THE DATA
#####
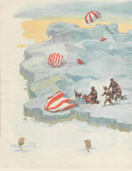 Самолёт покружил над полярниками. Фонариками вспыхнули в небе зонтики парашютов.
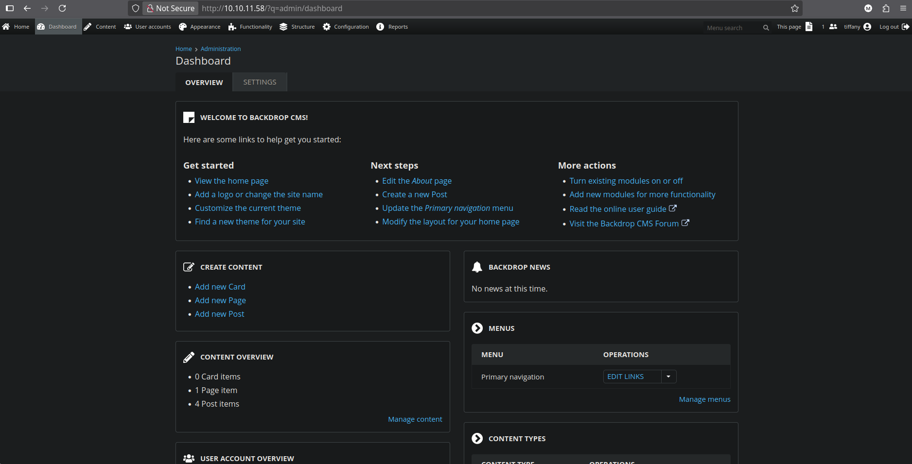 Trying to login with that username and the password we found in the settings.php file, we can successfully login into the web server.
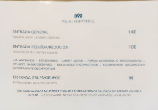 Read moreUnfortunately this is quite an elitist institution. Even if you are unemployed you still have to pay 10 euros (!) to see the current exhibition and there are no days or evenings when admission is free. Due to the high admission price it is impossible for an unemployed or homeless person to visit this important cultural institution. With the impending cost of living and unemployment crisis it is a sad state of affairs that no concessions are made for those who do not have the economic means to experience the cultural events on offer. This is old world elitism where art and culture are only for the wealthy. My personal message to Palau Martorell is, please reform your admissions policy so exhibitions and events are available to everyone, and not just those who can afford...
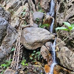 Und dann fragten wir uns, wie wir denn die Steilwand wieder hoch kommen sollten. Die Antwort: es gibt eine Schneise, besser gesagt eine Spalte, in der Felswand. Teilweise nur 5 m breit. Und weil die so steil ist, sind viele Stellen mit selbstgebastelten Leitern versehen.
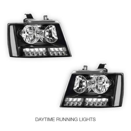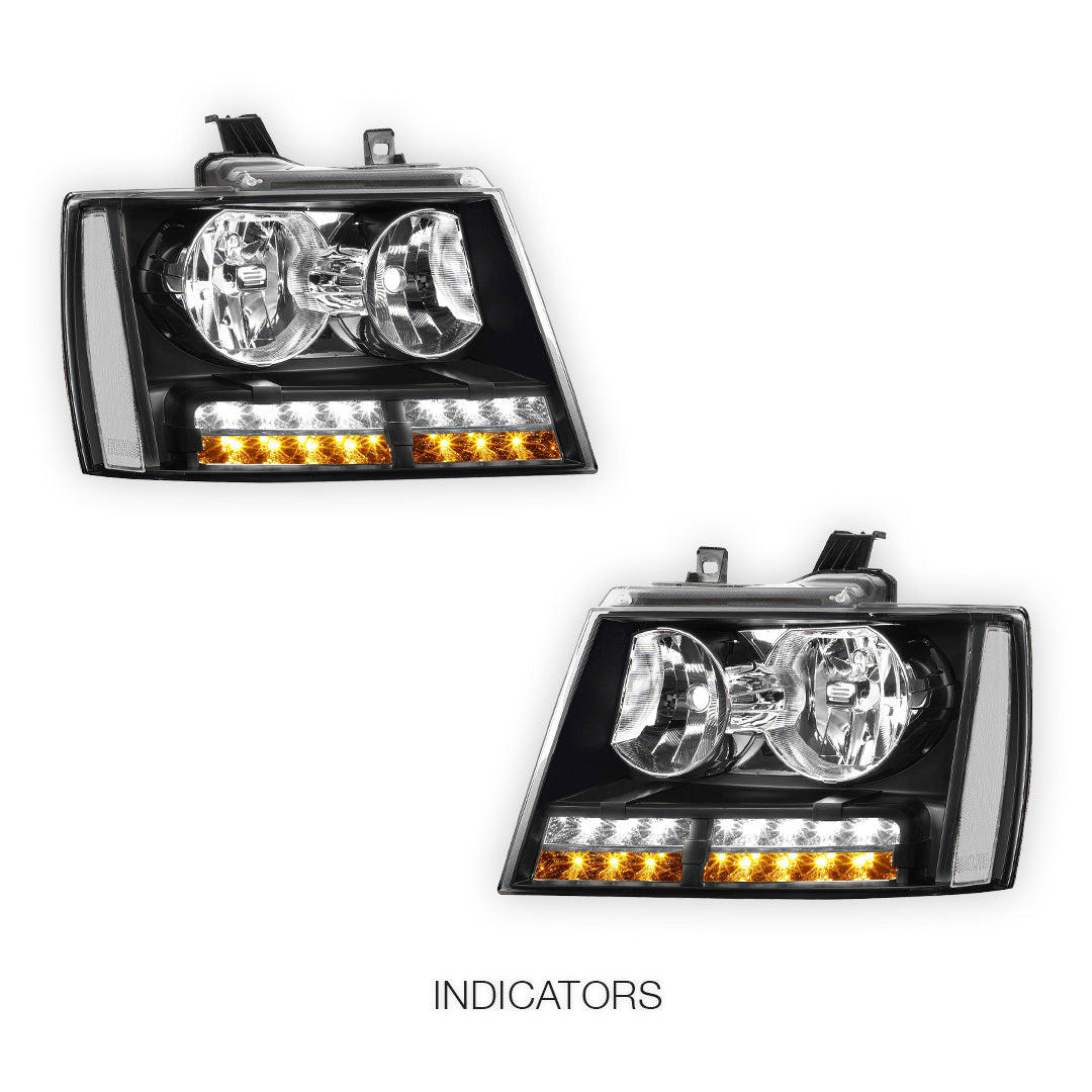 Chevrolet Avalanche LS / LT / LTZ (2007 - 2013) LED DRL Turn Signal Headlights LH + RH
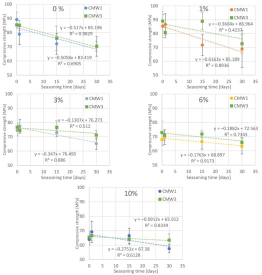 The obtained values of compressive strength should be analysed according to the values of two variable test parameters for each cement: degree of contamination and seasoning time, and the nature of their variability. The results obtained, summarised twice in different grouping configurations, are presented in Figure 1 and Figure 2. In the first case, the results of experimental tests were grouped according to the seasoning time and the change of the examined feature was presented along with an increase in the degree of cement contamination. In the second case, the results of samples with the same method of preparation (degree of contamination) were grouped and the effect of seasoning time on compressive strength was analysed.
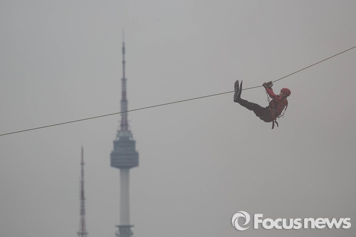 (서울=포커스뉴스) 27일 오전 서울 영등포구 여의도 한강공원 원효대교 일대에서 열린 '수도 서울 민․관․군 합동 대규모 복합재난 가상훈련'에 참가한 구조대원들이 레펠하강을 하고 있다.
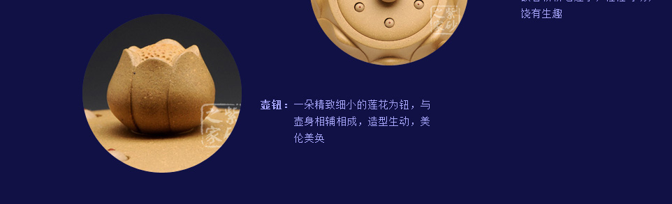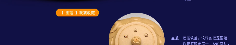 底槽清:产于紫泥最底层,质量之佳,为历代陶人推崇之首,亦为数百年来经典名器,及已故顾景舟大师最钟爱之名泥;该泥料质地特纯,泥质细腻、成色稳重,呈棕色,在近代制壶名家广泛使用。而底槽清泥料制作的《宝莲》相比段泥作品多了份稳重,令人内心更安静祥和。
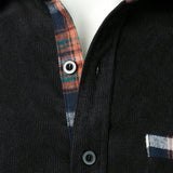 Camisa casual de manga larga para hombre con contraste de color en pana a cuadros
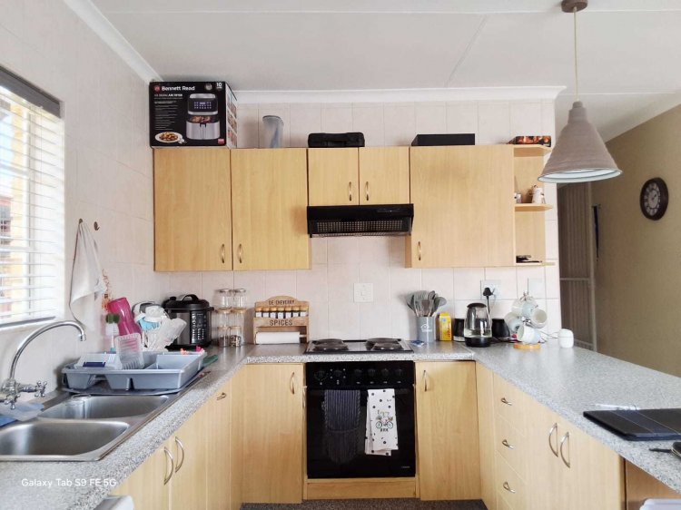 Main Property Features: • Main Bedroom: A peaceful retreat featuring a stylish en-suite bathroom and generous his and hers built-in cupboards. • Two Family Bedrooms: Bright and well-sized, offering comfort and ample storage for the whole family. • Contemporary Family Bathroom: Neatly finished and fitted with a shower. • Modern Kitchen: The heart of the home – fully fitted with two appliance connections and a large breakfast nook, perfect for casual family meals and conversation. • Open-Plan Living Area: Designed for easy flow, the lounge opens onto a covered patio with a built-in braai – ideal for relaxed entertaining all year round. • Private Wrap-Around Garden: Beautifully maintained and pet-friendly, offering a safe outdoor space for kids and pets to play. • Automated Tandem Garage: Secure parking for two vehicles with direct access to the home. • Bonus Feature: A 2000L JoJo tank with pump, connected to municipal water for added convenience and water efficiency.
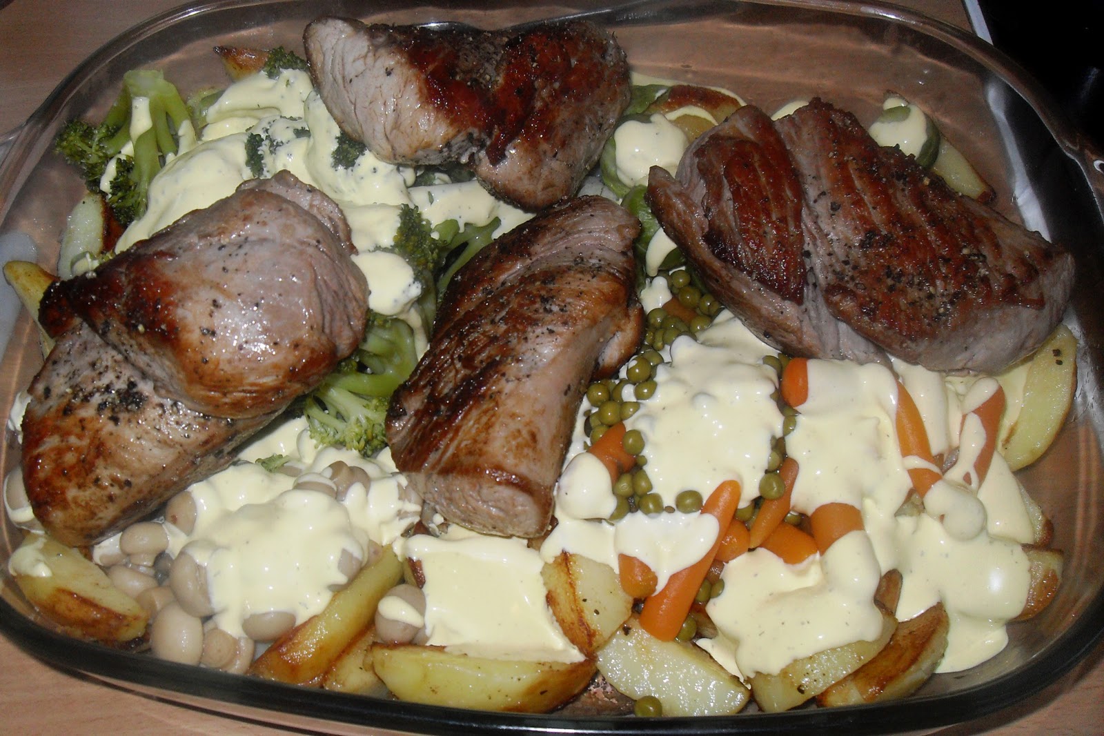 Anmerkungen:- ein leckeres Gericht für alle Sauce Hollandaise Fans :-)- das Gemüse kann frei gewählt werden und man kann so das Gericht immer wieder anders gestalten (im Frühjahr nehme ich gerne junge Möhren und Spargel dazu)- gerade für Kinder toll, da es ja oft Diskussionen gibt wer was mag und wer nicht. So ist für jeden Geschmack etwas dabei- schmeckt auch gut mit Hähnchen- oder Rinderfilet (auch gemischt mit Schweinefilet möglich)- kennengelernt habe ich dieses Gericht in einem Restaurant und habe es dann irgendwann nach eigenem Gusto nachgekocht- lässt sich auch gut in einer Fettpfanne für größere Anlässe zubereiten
#####
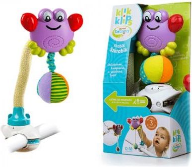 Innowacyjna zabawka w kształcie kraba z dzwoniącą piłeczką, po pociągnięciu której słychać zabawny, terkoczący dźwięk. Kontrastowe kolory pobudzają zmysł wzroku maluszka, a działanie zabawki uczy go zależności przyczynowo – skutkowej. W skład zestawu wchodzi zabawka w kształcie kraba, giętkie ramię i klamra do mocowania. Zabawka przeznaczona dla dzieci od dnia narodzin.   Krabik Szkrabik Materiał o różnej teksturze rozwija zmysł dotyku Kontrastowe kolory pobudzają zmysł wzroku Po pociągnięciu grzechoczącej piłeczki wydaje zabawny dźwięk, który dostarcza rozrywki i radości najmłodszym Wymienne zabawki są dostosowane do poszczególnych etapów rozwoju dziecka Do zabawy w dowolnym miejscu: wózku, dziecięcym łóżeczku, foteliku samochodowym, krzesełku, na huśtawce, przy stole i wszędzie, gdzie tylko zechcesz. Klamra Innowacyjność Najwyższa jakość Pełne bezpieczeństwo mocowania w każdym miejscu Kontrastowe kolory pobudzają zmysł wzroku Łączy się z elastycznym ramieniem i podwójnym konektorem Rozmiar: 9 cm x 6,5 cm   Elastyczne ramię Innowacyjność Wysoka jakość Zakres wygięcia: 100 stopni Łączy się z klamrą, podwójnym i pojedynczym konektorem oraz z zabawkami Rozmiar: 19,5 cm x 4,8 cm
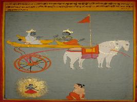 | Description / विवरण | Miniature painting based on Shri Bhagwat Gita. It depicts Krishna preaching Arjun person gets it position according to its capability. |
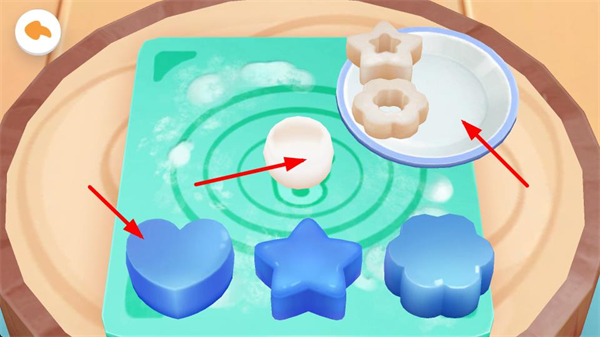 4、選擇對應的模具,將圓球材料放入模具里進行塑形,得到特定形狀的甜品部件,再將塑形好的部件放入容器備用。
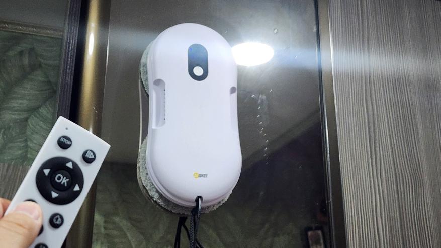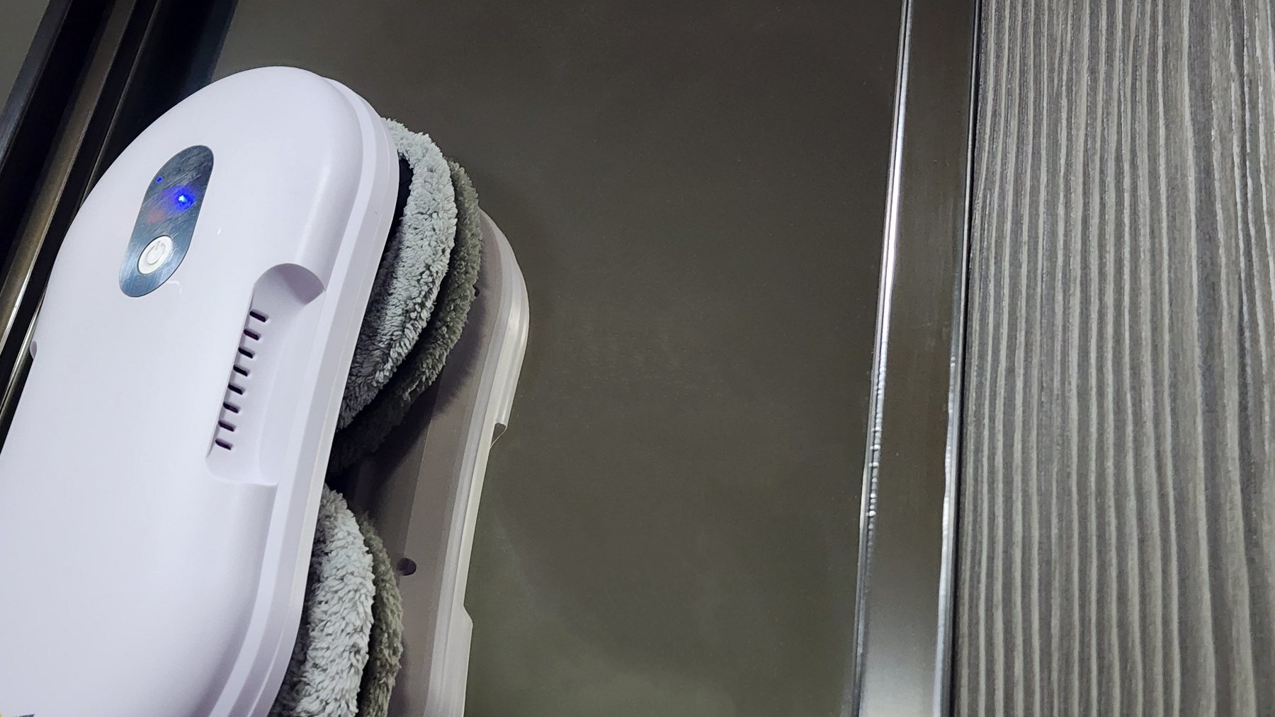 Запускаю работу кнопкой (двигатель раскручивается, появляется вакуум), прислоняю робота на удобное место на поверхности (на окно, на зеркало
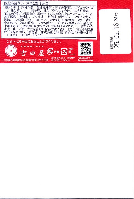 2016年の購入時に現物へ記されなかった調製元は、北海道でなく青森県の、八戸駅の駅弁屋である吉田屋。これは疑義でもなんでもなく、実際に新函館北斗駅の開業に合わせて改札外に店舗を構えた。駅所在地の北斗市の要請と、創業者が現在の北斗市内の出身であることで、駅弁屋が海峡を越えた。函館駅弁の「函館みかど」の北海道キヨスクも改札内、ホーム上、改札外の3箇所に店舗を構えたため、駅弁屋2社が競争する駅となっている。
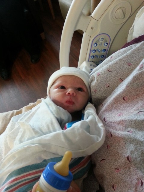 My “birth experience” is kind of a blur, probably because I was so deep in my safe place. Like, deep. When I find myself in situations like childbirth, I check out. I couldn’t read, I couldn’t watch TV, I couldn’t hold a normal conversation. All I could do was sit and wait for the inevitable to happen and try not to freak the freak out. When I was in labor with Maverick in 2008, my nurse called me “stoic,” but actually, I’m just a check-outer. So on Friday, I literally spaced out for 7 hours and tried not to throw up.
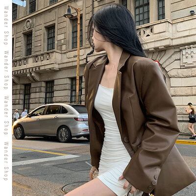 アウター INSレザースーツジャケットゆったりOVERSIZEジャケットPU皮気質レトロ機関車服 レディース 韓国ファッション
#####
Going by the data above, the answer is exactly the lines from the one holding "Самолёт покружил над" to the one holding "Trying to login", both kept, with the pictures left out.

 Самолёт покружил над полярниками. Фонариками вспыхнули в небе зонтики парашютов.
 Trying to login with that username and the password we found in the settings.php file, we can successfully login into the web server.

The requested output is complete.